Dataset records
»»
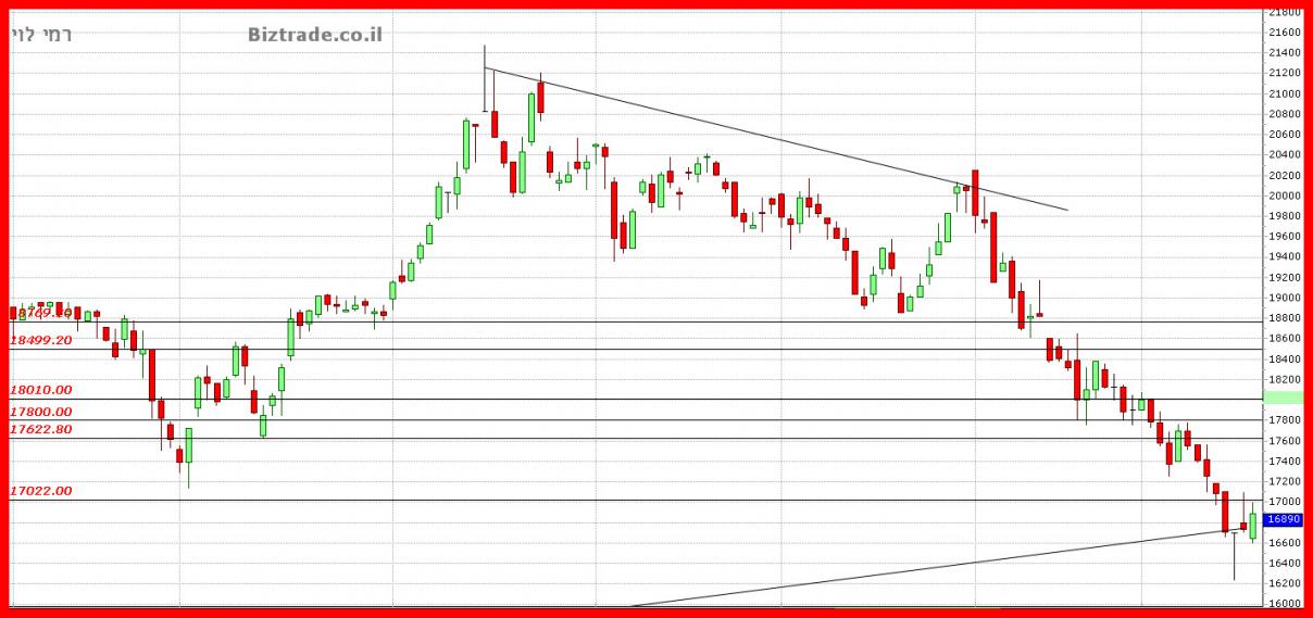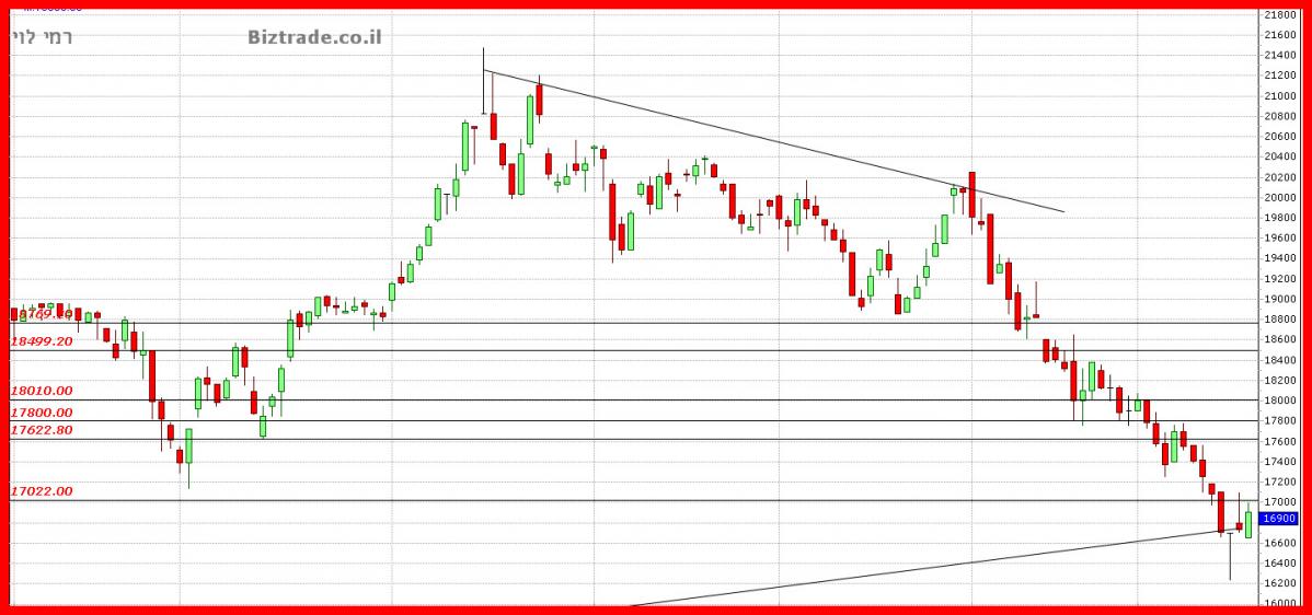 ורק פריצת ה 17000 , כנחישות של הקונים תוציא אותם מהאזור ( היא כבר ירדה לנמוך יומי בינתיים ל 16780 !!!!,)
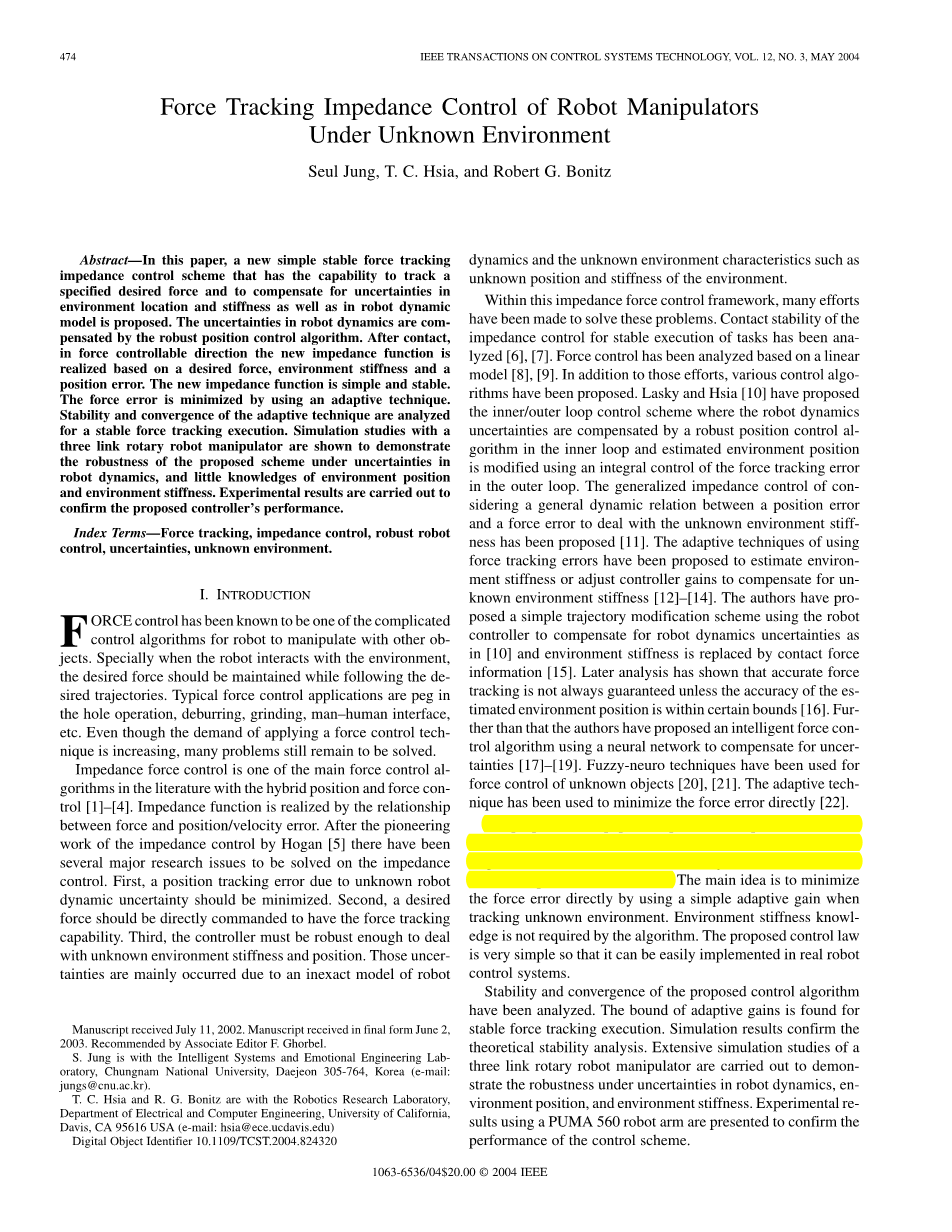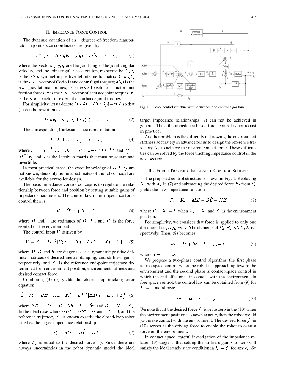 在阻抗控制架构中,付出了很多努力去解决这些问题。为了稳定的任务执行,接触稳定性已经有所分析[6],[7]。基于线性模型分析力控制[8],[9]。除了这些努力,各种控制算法已经被提出。Lasky和Hsia[10]提出内外环控制组合,其中机器人动力学不确定性通过一种鲁棒位置控制算法在内环中补偿掉,同时估计的环境位置通过运用一种对力跟踪误差积分控制来改善。提出了考虑位置误差和力误差之间的一般动态关系以处理未知环境刚度的广义阻抗控制[11]。力跟踪误差的自适应技术已经被提出
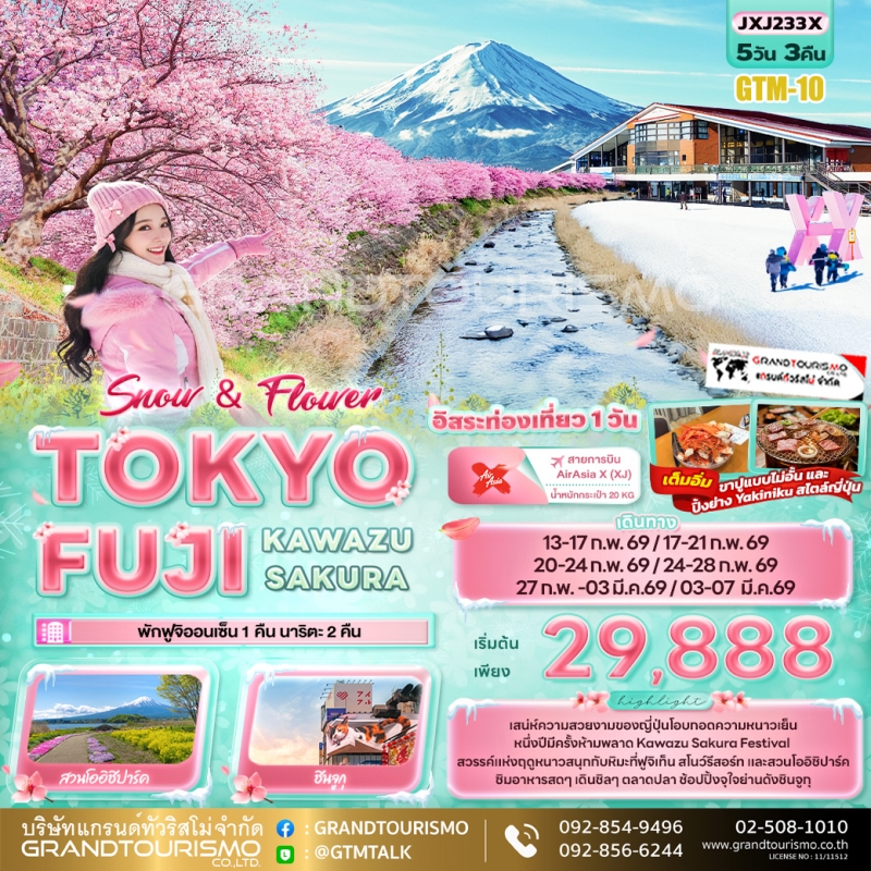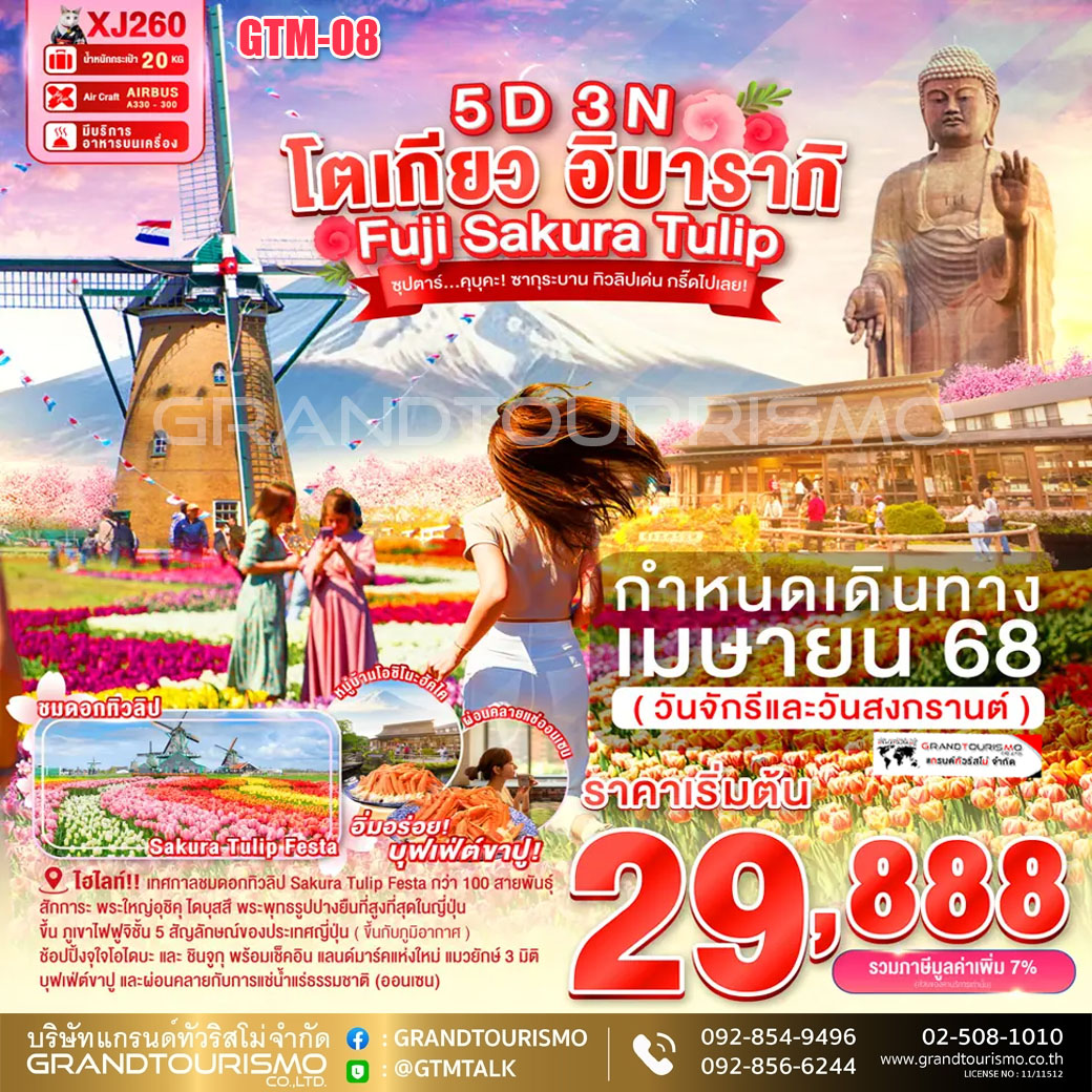 ทัวร์ญี่ปุ่น โตเกียว อิบารากิ ฟูจิ ชมซากุระ ชมดอกทิวลิป 5วัน3คืน เม.ย.68
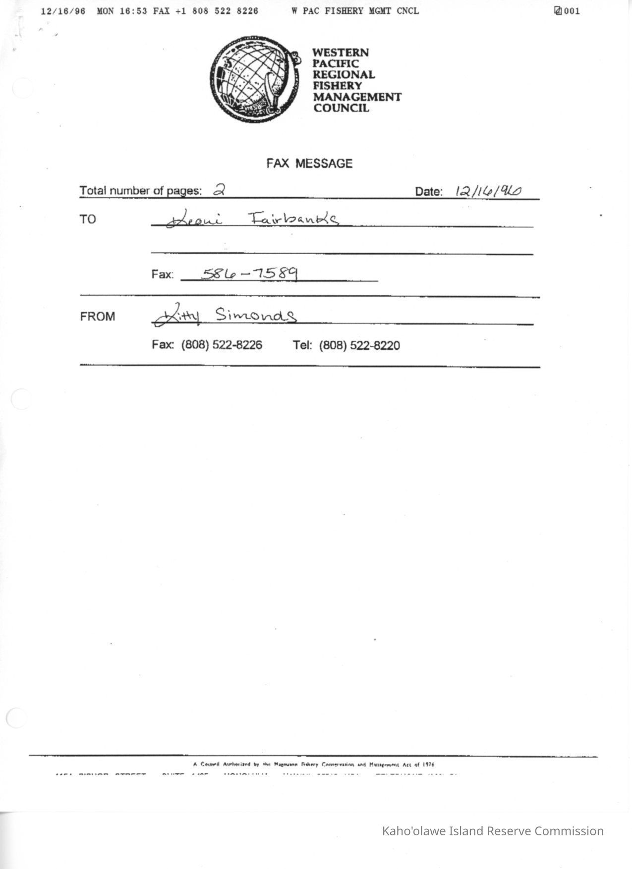 Fax message coversheet to Keoni Fairbanks from Kitty Simonds,Executive Director, Western Pacific Regional Fishery Management Council with letter to Mr R. Keoni Fairbanks, Executive Director, Kahoolawe Island Reserve Commission regarding draft Kahoolawe Ocean Management Plan.Creator
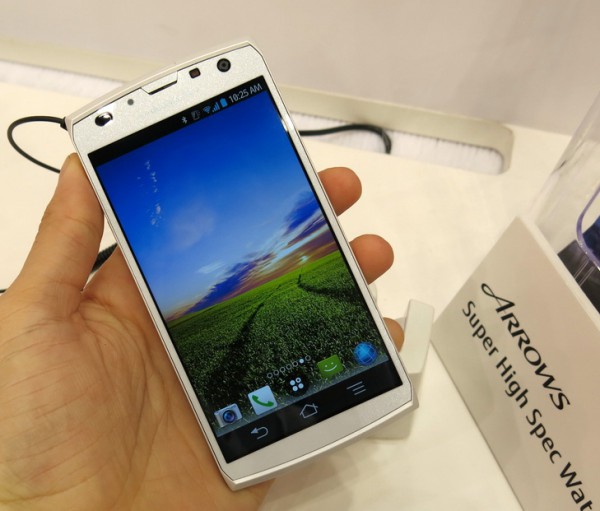 Из той же серии - пыле- и влагозащищенные смартфоны серии ARROWS X F-02E. Были представлены в белом и черном варианте, называются громко "Super High Spec Waterproof Smartphone". Характеристики впечатляющие: 1,7 ГГц четырёхъядерный процессор, 5" Full HD-дисплей, 16 Мп камера.
««
WORK INSTRUCTION
Output the data verbatim, images excluded.

EXERCISE OUTPUT
 ורק פריצת ה 17000 , כנחישות של הקונים תוציא אותם מהאזור ( היא כבר ירדה לנמוך יומי בינתיים ל 16780 !!!!,)
 在阻抗控制架构中,付出了很多努力去解决这些问题。为了稳定的任务执行,接触稳定性已经有所分析[6],[7]。基于线性模型分析力控制[8],[9]。除了这些努力,各种控制算法已经被提出。Lasky和Hsia[10]提出内外环控制组合,其中机器人动力学不确定性通过一种鲁棒位置控制算法在内环中补偿掉,同时估计的环境位置通过运用一种对力跟踪误差积分控制来改善。提出了考虑位置误差和力误差之间的一般动态关系以处理未知环境刚度的广义阻抗控制[11]。力跟踪误差的自适应技术已经被提出
 ทัวร์ญี่ปุ่น โตเกียว อิบารากิ ฟูจิ ชมซากุระ ชมดอกทิวลิป 5วัน3คืน เม.ย.68
 Fax message coversheet to Keoni Fairbanks from Kitty Simonds,Executive Director, Western Pacific Regional Fishery Management Council with letter to Mr R. Keoni Fairbanks, Executive Director, Kahoolawe Island Reserve Commission regarding draft Kahoolawe Ocean Management Plan.Creator
 Из той же серии - пыле- и влагозащищенные смартфоны серии ARROWS X F-02E. Были представлены в белом и черном варианте, называются громко "Super High Spec Waterproof Smartphone". Характеристики впечатляющие: 1,7 ГГц четырёхъядерный процессор, 5" Full HD-дисплей, 16 Мп камера.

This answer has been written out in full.